Bonus entry: Navy Seal

Ok, I know I don't usually (ever) post twice in one day, but today is an exception. I almost died. I'm not kidding.

Special took me to the airport and helped me pick a seat. Maybe you don't know this about me, but I get really nautious if something smells bad. For example, I used to do homecare and had to stop eating breakfast because I didn't want to chunder on my client. (I dry heaved every time I had to change him.) Also, I don't take the garbage out because I almost blew chunks in the garbage room. Sea witnessed this and made no qualms about being the garbage person in our suite. I also didn't change my nephew's crap diapers. This is my favourite kid in the world, I'd do anything to look after him. Except this. I tried once, but I had to phone my mom to come do it. I don't know what it is, I'm ultra sensitive to smell. Anyway, back to my story: Special helped me pick out a seat specifically as far from the back of the plane as possible. There's no way I'd survive sitting next to the washroom. NO way.

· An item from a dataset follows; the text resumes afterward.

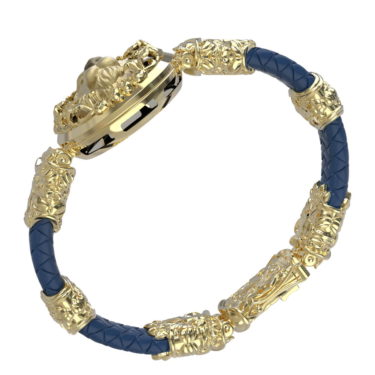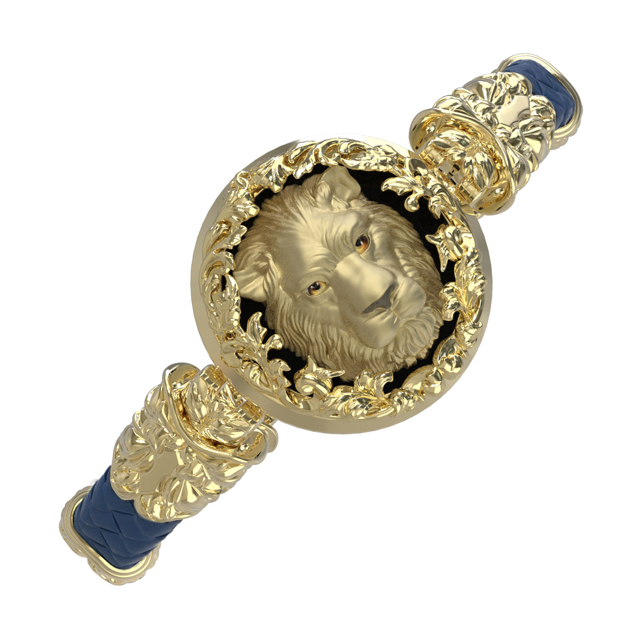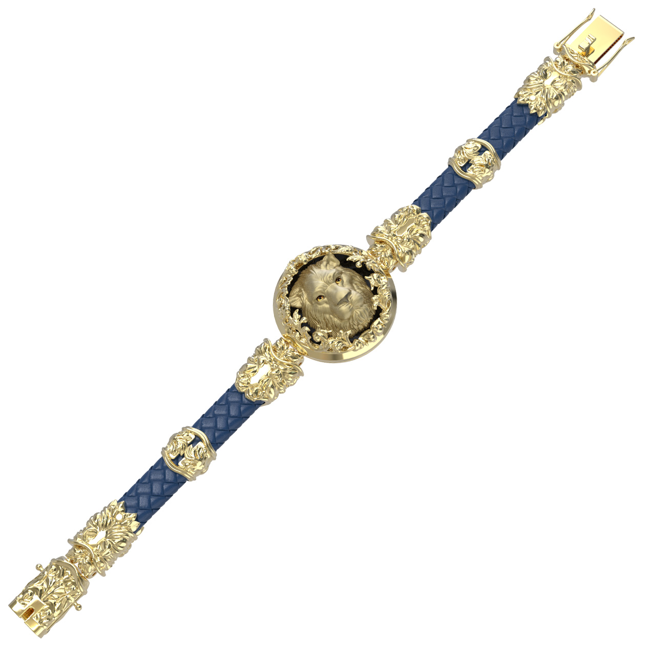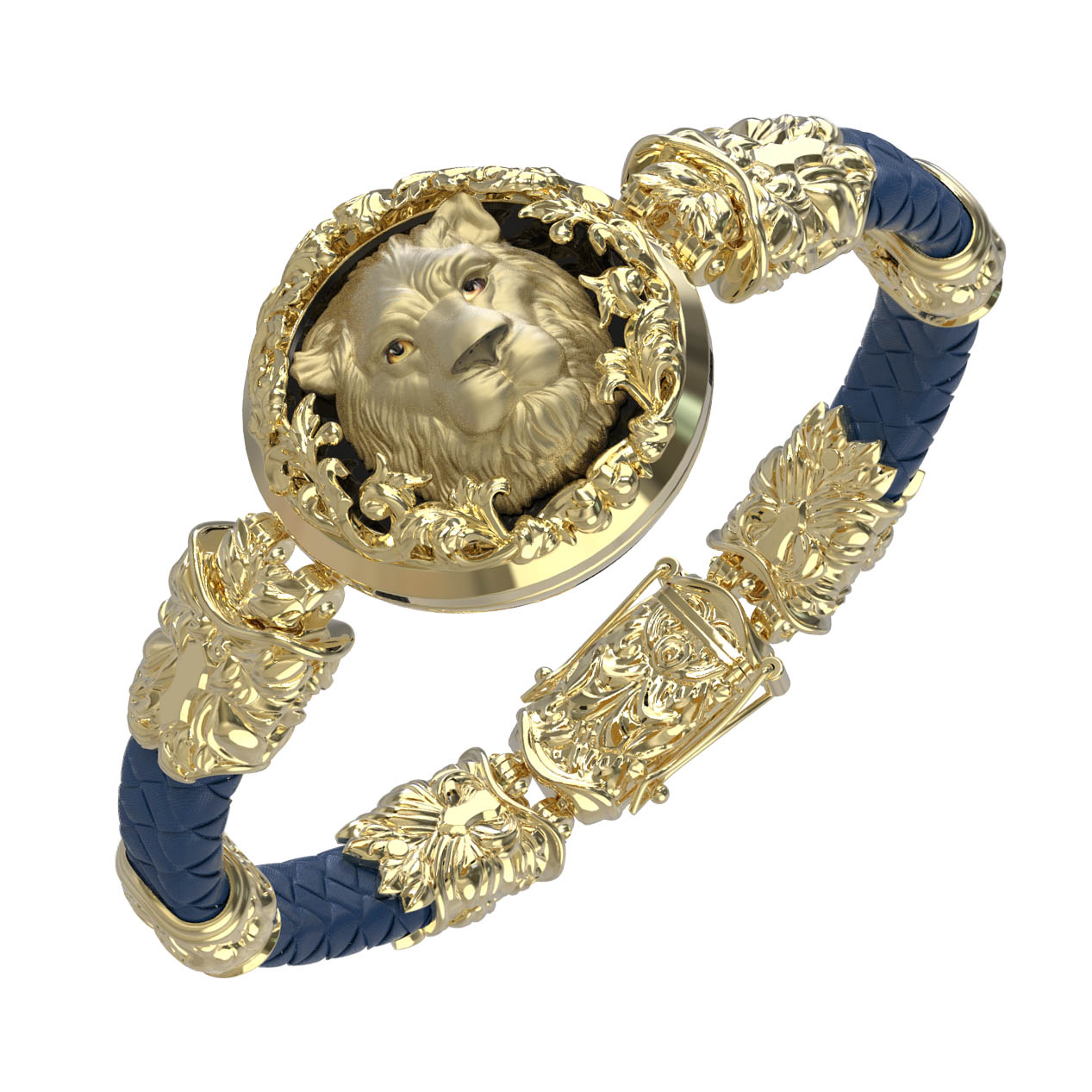Браслет из лимонного золота c эмаль, кожаным шнурком и ониксом

Turns out I ended up sitting next to a guy who's breath smelled *exactly* like ass. I'm not even exagerating. At first I thought he was farting, but then I realized the smell came when he opened his mouth! Can you imagine?! How is this even possible?! Did he have fecal fries? Shudder. Double shudder. Triple shudder and a shake. What could I do? "Hey buddy, can you hand me your barf bag, because with breath like yours, I'm going to need it?" No way! Besides, what would I do if he tried to engage me in conversation?! Ew. I would die. Right there.

I needed a plan. If I offered him a mint, he might decline or worse yet, try to use that as a stepping point to chat. With an hour long flight I couldn't risk it. Next step. I needed to avoid talking to him at any cost. Ok. I started writing in my jounal. This is effective because it seemed like I was engrossed in something important. Maybe I was a student writing a paper. Maybe I was an author in the middle of an inspiration. Maybe I was writing my deepest darkest secrets in a jounal. Maybe I was Maybelline. To further solidify the "don't talk to me" vibe, I put my MP3 headphones on and leaned as far away from his seat as possible. Perfect. Not sure what the lady on the other side of me thought, but it didn't matter at this point.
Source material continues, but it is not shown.